**Records for this task**
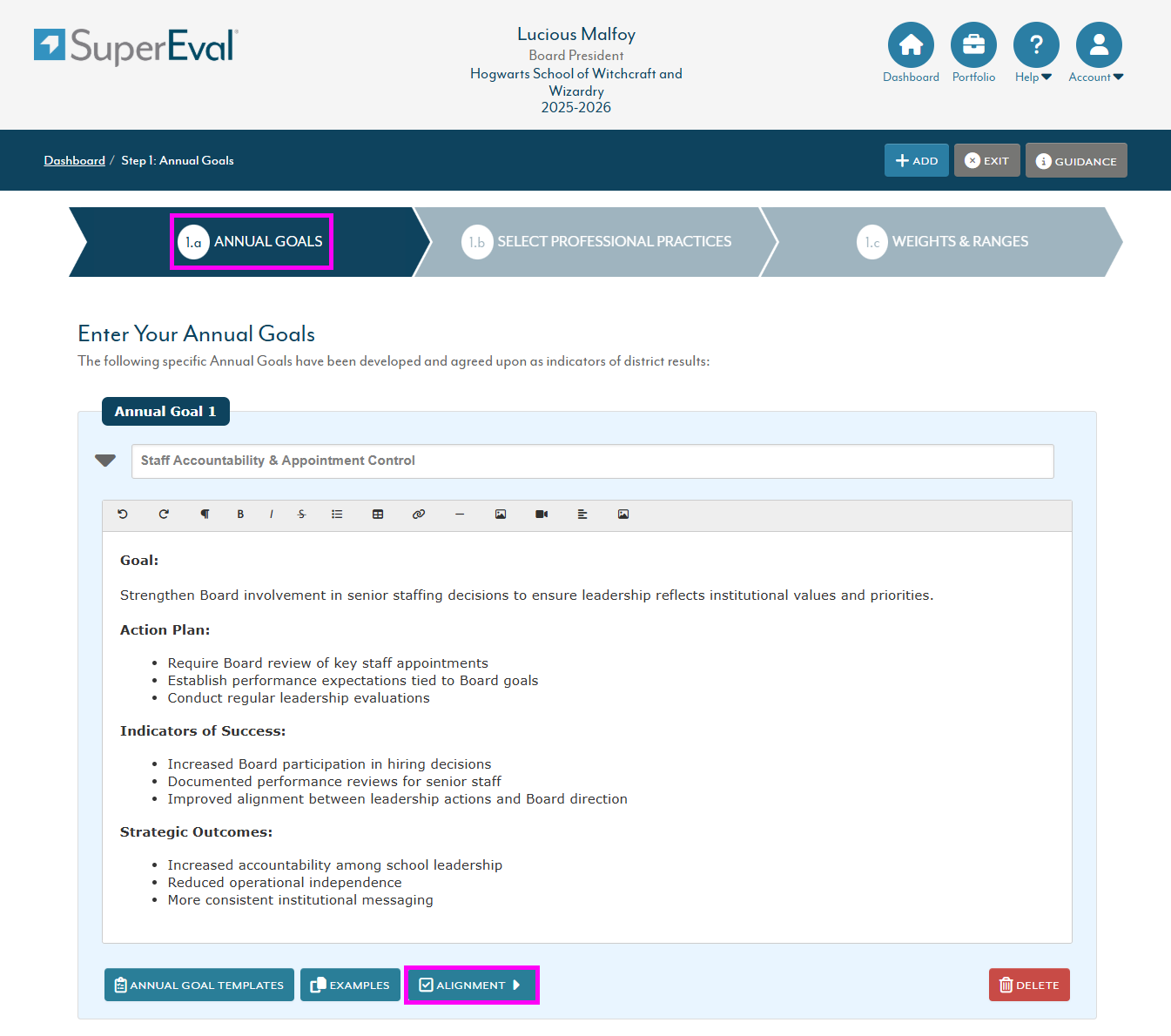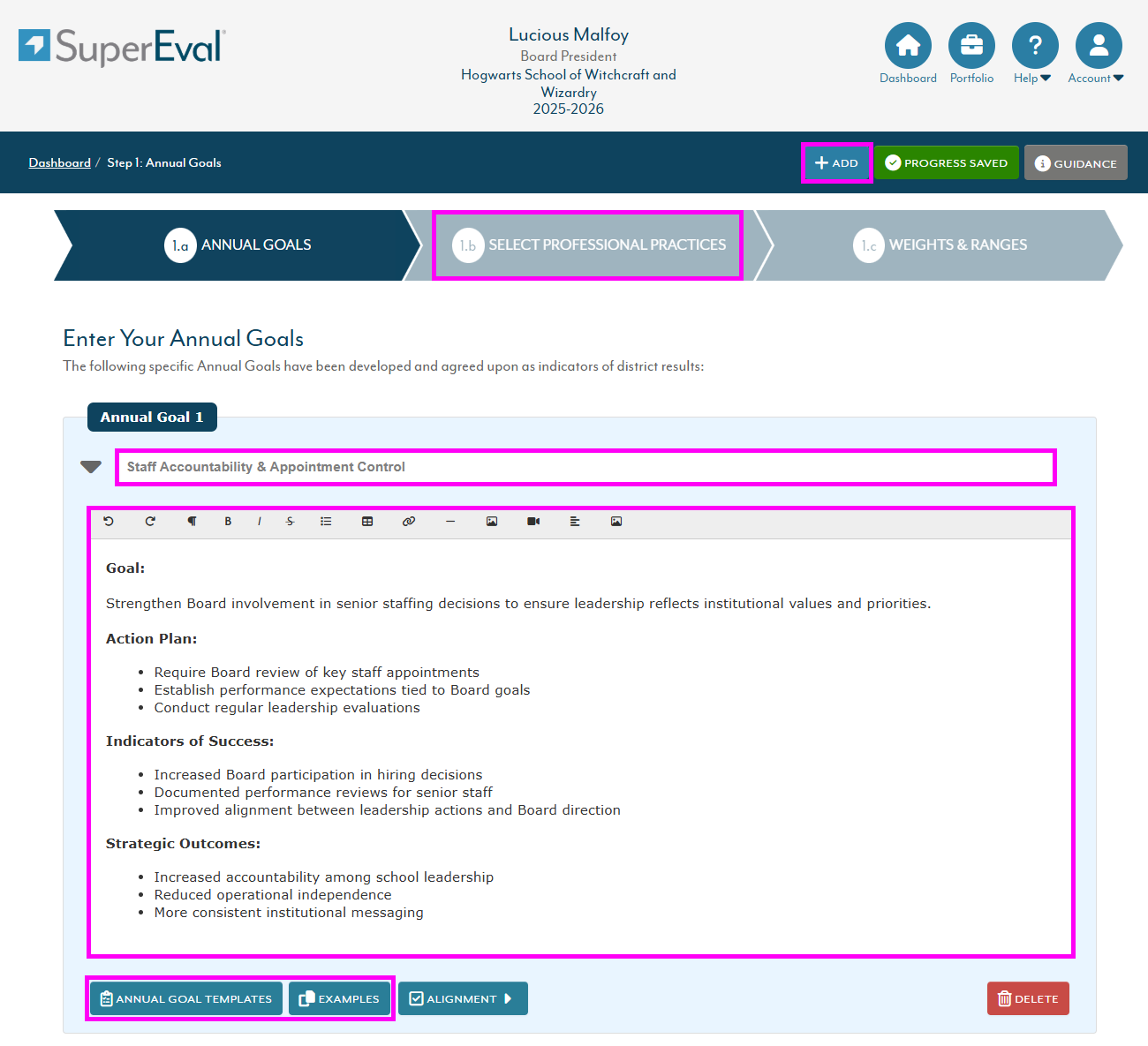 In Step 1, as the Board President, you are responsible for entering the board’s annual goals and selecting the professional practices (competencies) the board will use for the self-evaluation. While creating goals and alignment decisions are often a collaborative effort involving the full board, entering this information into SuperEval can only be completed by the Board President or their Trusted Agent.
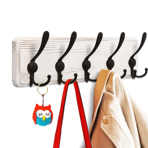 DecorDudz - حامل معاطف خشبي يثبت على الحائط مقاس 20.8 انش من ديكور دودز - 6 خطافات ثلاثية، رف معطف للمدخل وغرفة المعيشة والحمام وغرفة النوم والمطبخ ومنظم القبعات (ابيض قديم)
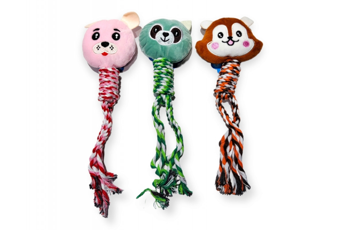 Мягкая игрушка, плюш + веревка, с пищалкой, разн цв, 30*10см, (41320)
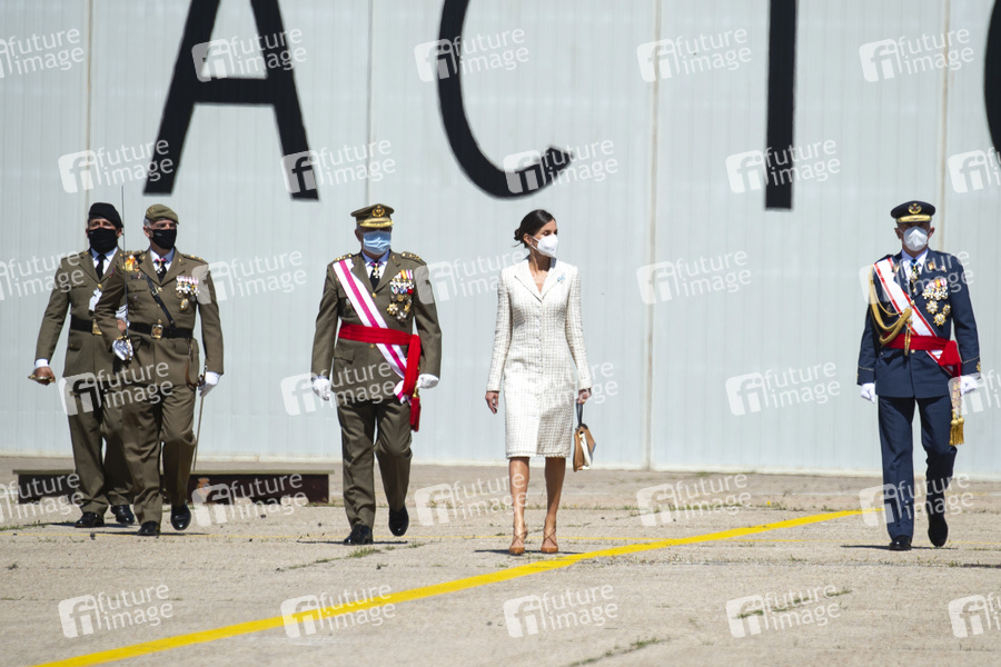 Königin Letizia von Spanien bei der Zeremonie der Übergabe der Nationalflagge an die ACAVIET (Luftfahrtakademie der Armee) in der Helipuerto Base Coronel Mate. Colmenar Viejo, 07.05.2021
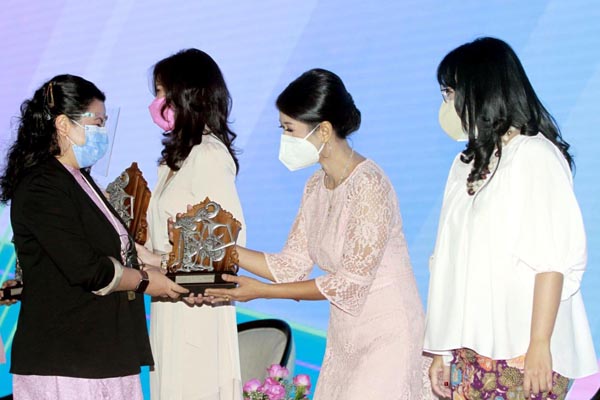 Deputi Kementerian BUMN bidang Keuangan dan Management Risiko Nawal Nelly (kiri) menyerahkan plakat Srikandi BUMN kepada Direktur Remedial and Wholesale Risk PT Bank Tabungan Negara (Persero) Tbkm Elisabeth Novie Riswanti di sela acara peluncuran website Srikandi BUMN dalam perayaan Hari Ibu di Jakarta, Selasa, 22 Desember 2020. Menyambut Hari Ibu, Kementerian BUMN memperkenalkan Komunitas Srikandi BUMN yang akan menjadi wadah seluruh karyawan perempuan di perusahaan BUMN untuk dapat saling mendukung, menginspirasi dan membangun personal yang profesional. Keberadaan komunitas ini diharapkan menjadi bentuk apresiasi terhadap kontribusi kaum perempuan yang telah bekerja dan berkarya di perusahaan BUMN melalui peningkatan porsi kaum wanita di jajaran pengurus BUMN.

**Your goal**
Up to and including the line that contains "Königin Letizia von", print the records above exactly from their first line, without any pictures.

**Answer section**
 In Step 1, as the Board President, you are responsible for entering the board’s annual goals and selecting the professional practices (competencies) the board will use for the self-evaluation. While creating goals and alignment decisions are often a collaborative effort involving the full board, entering this information into SuperEval can only be completed by the Board President or their Trusted Agent.
 DecorDudz - حامل معاطف خشبي يثبت على الحائط مقاس 20.8 انش من ديكور دودز - 6 خطافات ثلاثية، رف معطف للمدخل وغرفة المعيشة والحمام وغرفة النوم والمطبخ ومنظم القبعات (ابيض قديم)
 Мягкая игрушка, плюш + веревка, с пищалкой, разн цв, 30*10см, (41320)
 Königin Letizia von Spanien bei der Zeremonie der Übergabe der Nationalflagge an die ACAVIET (Luftfahrtakademie der Armee) in der Helipuerto Base Coronel Mate. Colmenar Viejo, 07.05.2021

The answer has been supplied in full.